╭─ Provided material

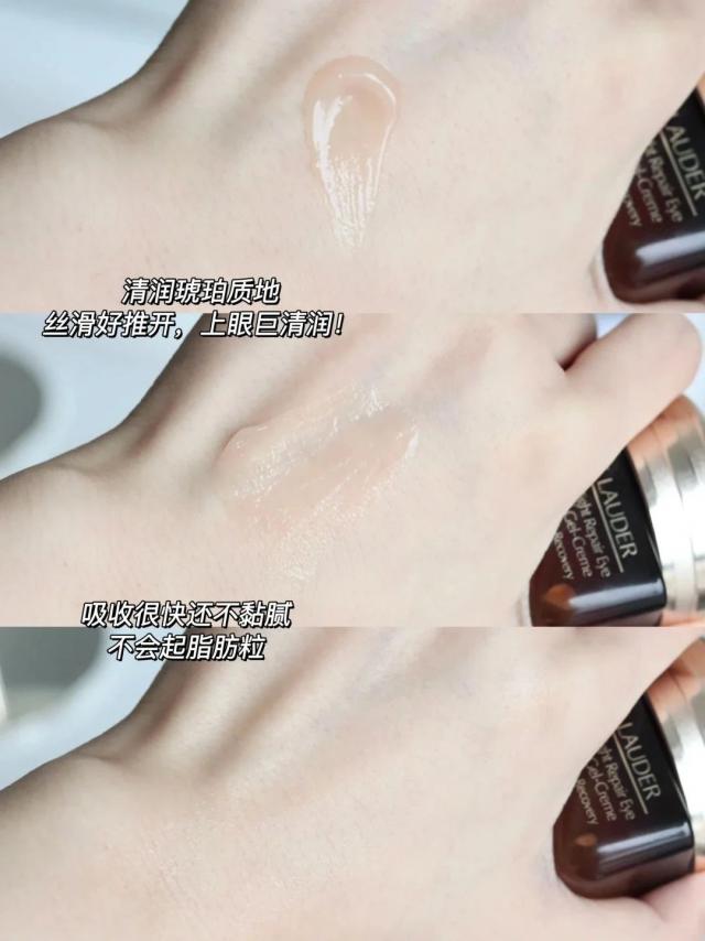 小棕瓶眼霜屬于半透明的凝霜狀質(zhì)地,觸感輕盈、延展性非常好。質(zhì)地上,更加輕薄水潤(rùn)、一抹即吸收。無論是干皮、油皮都很適合!
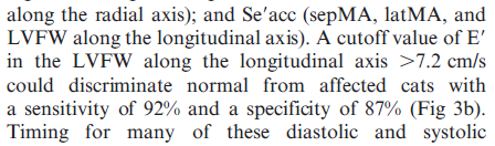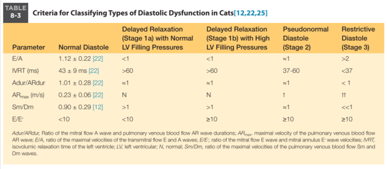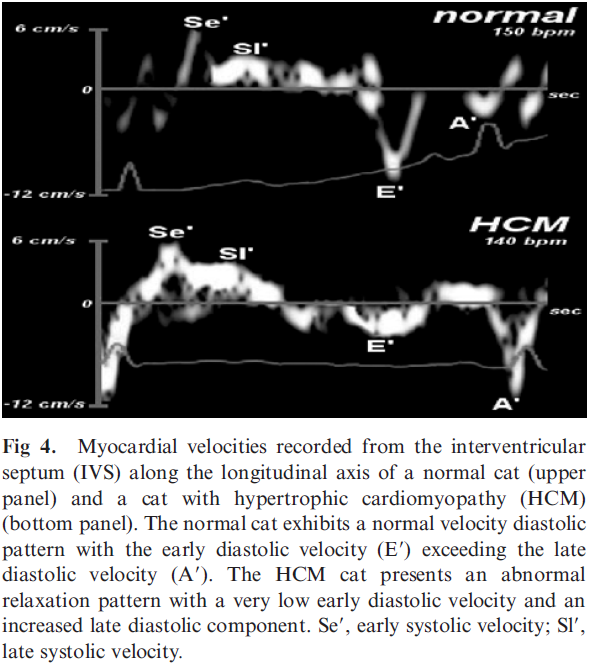 ( KOFFAS, H., et al. Pulsed tissue Doppler imaging in normal cats and cats with hypertrophic cardiomyopathy. Journal of Veterinary Internal Medicine, 2006, 20.1: 65-77.)
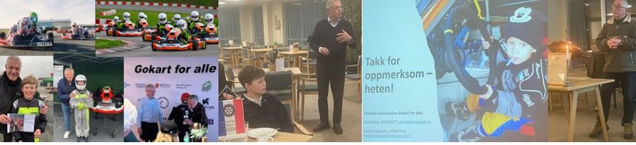 Sist mandag fikk vi høre Martin fortelle om prosjektet "Gokart for alle". Kort fortalt: Det er et økende samfunnsproblem at altfor mange barn og unge føler utenforskap. Årsakene til dette er sikkert mange. Dagens skoleverk vet vi skaper altfor mange tapere ved sin ensrettethet. Heller ikke alle barn vil spille fotball eller gå langrenn, eller har foreldre som har anledning til å støtte dette. I sum skaper samfunnet i dag dessverre en del barn uten mestringsglede på noen arenaer, og mange av disse søker dermed heller tilhørighet i miljø med vold og kriminalitet…. Martin viste seg fra sin beste side som den «greatest» formidler og ekte entusiasme for motorsport = «fart og spenning» fortelle om noe han BRENNER FOR!.
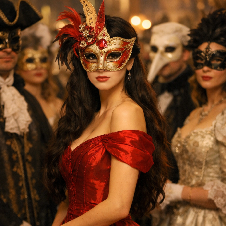 Ik besluit ze allemaal bij langs te gaan en via de kijkgaatjes te checken. Maar net als ik de lounge verlaat om de grote hal met de brede trap naar boven te betreden, hoor ik een bekend lachje. In de uiterste hoek van de lounge staat een groepje dames met de hoofden dicht bij elkaar te converseren en al gauw kan ik onderscheiden wie van hen Margareth is. Ze oogt alsof ze een totale gedaanteverwisseling heeft ondergaan. Haar lange donkerbruine haren zijn niet zoals gewoonlijk opgestoken maar dwarrelen als een waterval van krullen over haar rug tot op haar billen. Verder draagt ze een goudkleurig Venetiaans masker, getooid met kleurige veren. Haar na de geboorte van onze kinderen weer ranke lichaam is gehuld in een lange donkerrode wijd uiteenlopende jurk, met een net niet uitdagend maar toch zeer aanwezig decolleté.
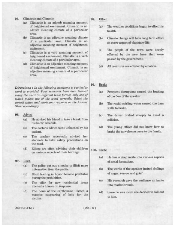 Directions: Each of the sentences in the following items has an underlined word, followed by four choices. Select the most appropriate option that improves/corrects the underlined word in the context of the sentence, and mark your response on the Answer Sheet accordingly.
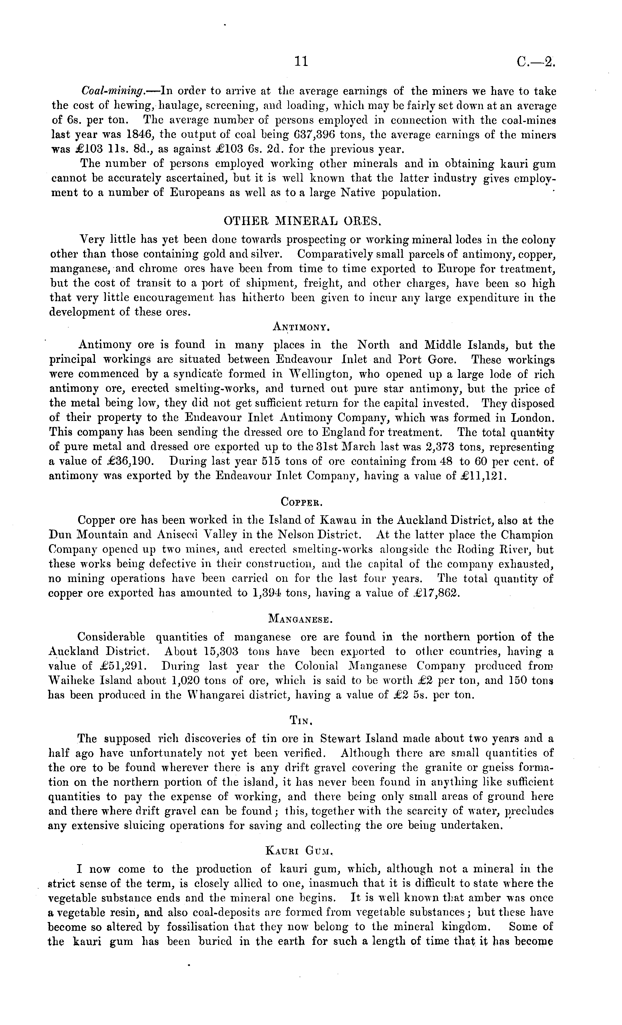 Coal-mining. —ln order to arrive at the average earnings of the miners we have to take the cost of hewing, haulage, screening, and loading, which may be fairly set down at an average of 6s. per ton. The average number of persons employed in connection with the coal-mines last year was 1846, the output of coal being 637,396 tons, the average earnings of the miners was £103 lis. Bd., as against £103 6s. 2d. for the previous year. The number of persons employed working other minerals and in obtaining kauri gum cannot be accurately ascertained, but it is well known that the latter industry gives employment to a number of Europeans as well as to a large Native population. OTHER MINERAL ORES. Very little has yet been done towards prospecting or working mineral lodes in the colony other than those containing gold and silver. Comparatively small parcels of antimony, copper, manganese, and chrome ores have been from time to time exported to Europe for treatment, but the cost of transit to a port of shipment, freight, and other charges, have been so high that very little encouragement has hitherto been given to incur any large expenditure in the development of these ores. Antimony. Antimony ore is found in many places in the North and Middle Islands, but the principal workings are situated between Endeavour Inlet and Port Gore. These workings were commenced by a syndicate formed in Wellington, who opened up a large lode of rich antimony ore, erected smelting-works, and turned out pure star antimony, but the price of the metal being low, they did not get sufficient return for the capital invested. They disposed of their property to the Endeavour Inlet Antimony Company, which was formed in London. This company has been sending the dressed ore to England for treatment. The total quantity of pure metal and dressed ore exported up to the 31st March last was 2,373 tons, representing a value of £36,190. During last year 515 tons of ore containing from 48 to 60 per cent, of antimony was exported by the Endeavour Inlet Company, having a value of £11,121. Copper. Copper ore has been worked in the Island of Kawau in the Auckland District, also at the Dun Mountain and Aniseed Valley in the Nelson District. At the latter place the Champion Company opened up two mines, and erected smelting-works alongside the Roding River, but these works being defective in their construction, and the capital of the company exhausted, no mining operations have been carried on for the last four years. The total quantity of copper ore exported has amounted to 1,394 tons, having a value of €17,862. Manganese. Considerable quantities of manganese ore are found in the northern portion of the Auckland District. About 15,303 tons have been exported to other countries, having a value of €51,291. During last year the Colonial Manganese Company produced from Waiheke Island about 1,020 tons of ore, which is said to be worth €2 per ton, and 150 tons has been produced in the VVhangarei district, having a value of €2 ss. per ton. Tin. The supposed rich discoveries of tin ore in Stewart Island made about two years and a half ago have unfortunately not yet been verified. Although there arc small quantities of the ore to be found wherever there is any drift gravel covering the granite or gneiss formation on the northern portion of the island, it has never been found in anything like sufficient quantities to pay the expense of working, and there being only small areas of ground here and there where drift gravel can be found; this, together with the scarcity of water, precludes any extensive sluicing operations for saving and collecting the ore being undertaken. Kauri Gu.m. I now come to the production of kauri gum, which, although not a mineral in the strict sense of the term, is closely allied to one, inasmuch that it is difficult to state where the vegetable substance ends and the mineral one begins. It is well known that amber was once a vegetable resin, and also coal-deposits are formed from vegetable substances; but these have become so altered by fossilisation that they now belong to the mineral kingdom. Some of the kauri gum has been buried in the earth for such a length of time that it has become
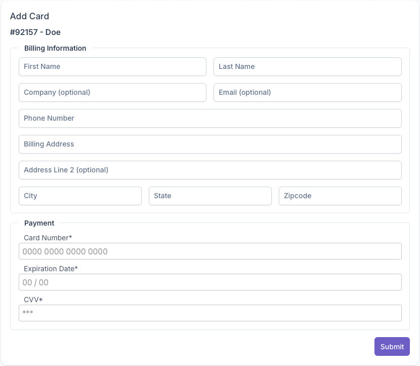 Clicking on the Add button on the top right of the box will bring up the add card page. The following fields must be filled out for a card to be added on to the account
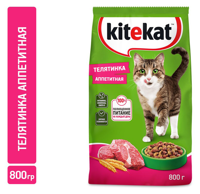 Сухой корм для кошек Kitekat Телятинка аппетитная, 800 г
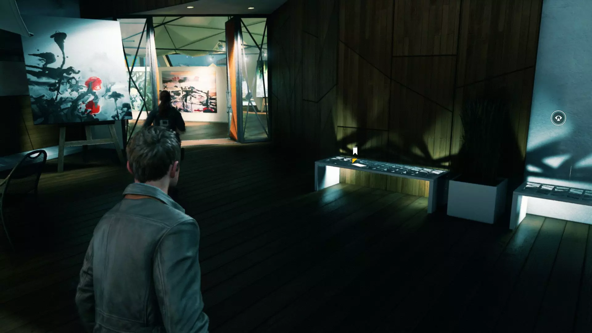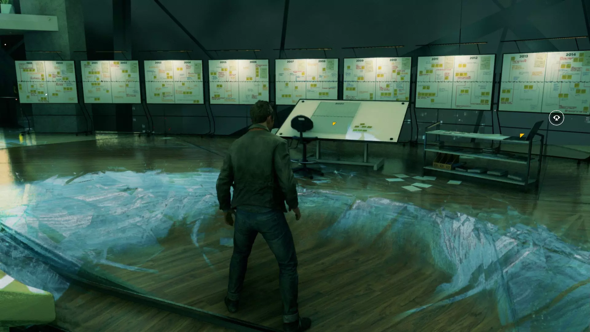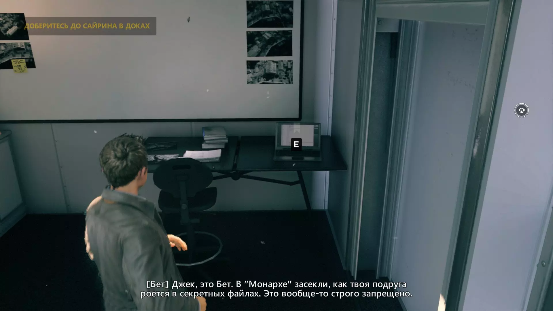 13. 继续跟着保罗前进。进入一个大房间后,我们穿过玻璃控制室。入口处的架子上放着一张照片。
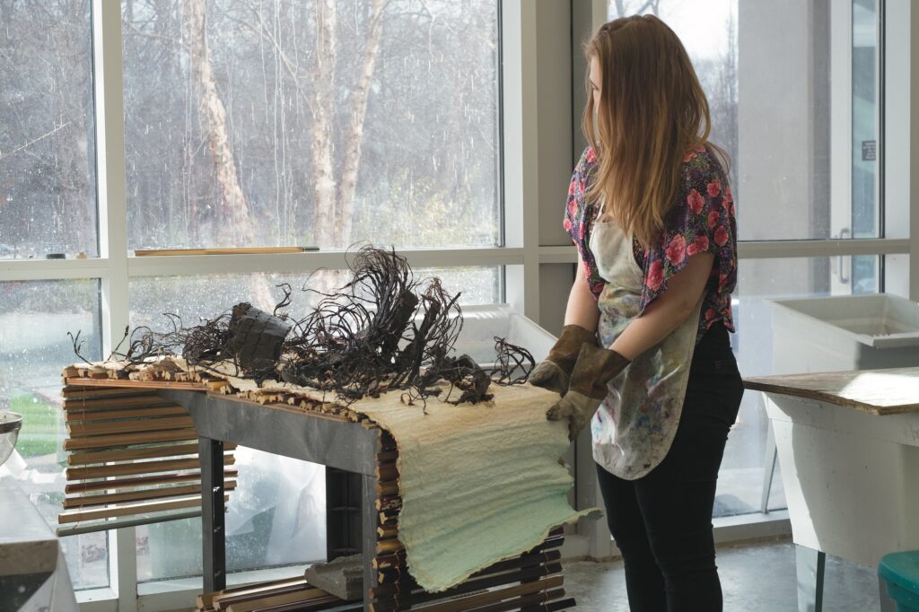 Students pursuing the BFA degree enter the School of Art as Intended Art majors and will apply to an area of concentration via the School’s area portfolio review in the second year of study. In most studio programs, students are required to present an exhibition or final portfolio that serves as a capstone experience before graduation, demonstrating their achievement in developing a mature and cohesive body of work.
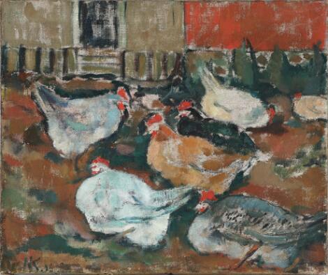 Ubekendt kunstner: Hønsegård. Signeret NK 55. Olie på lærred. 50 x 60 cm. Uindrammet.
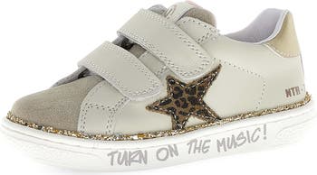 A padded collar and breathable leather lining provide cool comfort for tiny toes in this low-profile sneaker fitted with adjustable straps that offer a secure and customized fit.
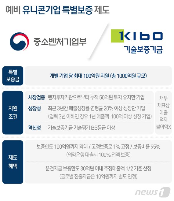 올해 첫 시행하는 1차 특별보증금은 1000억원 규모이며 '예비유니콘 기업'으로 선정된 15~20개 중소벤처기업은 각각 최대 100억원까지 보증 지원을 받게 된다.
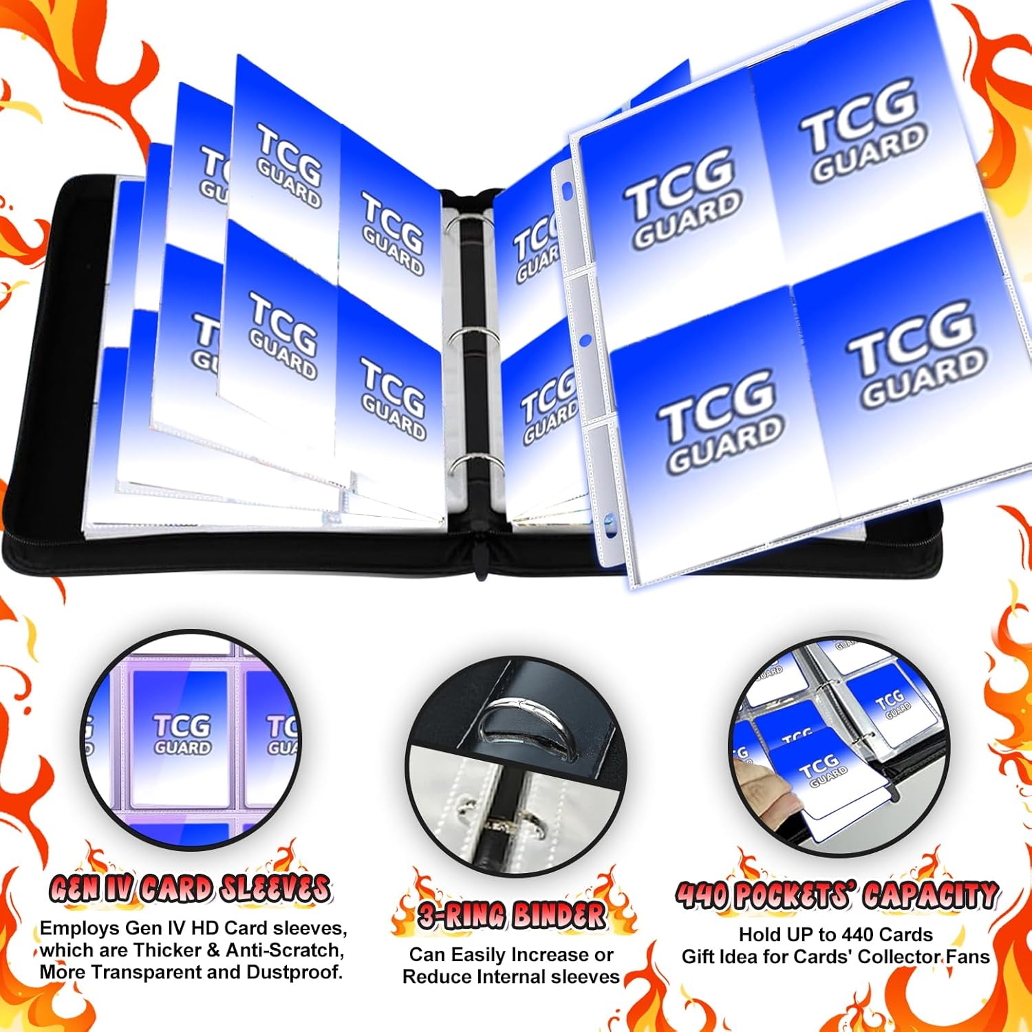 440 Card Binder 4 Pocket, 3-Ring Trading Card Binder with 55 Page Removable Sleeves, High Storage Waterproof Trading Card Holder Collection Card Album Carrying Organizer Case for MTG TCG Cards -Fire
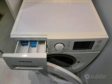 Come da titolo, vendo lavatrice Samsung WF60F4E5W2W funzionante ma con difetto, l'elettrodomestico funziona e lava bene, ogni tanto si blocca il cestello per via di un presunto problema a un relè della scheda, dando un leggero colpo sulla parte frontale della lavatrice si sollecita il componente, dopodiché il lavaggio prosegue normalmente.

╰─

== Required action ==
Give exactly those lines of the listing that run from its first line through the line with "( KOFFAS, H., et", leaving each picture out.

== Answer section ==
 小棕瓶眼霜屬于半透明的凝霜狀質(zhì)地,觸感輕盈、延展性非常好。質(zhì)地上,更加輕薄水潤(rùn)、一抹即吸收。無論是干皮、油皮都很適合!
 ( KOFFAS, H., et al. Pulsed tissue Doppler imaging in normal cats and cats with hypertrophic cardiomyopathy. Journal of Veterinary Internal Medicine, 2006, 20.1: 65-77.)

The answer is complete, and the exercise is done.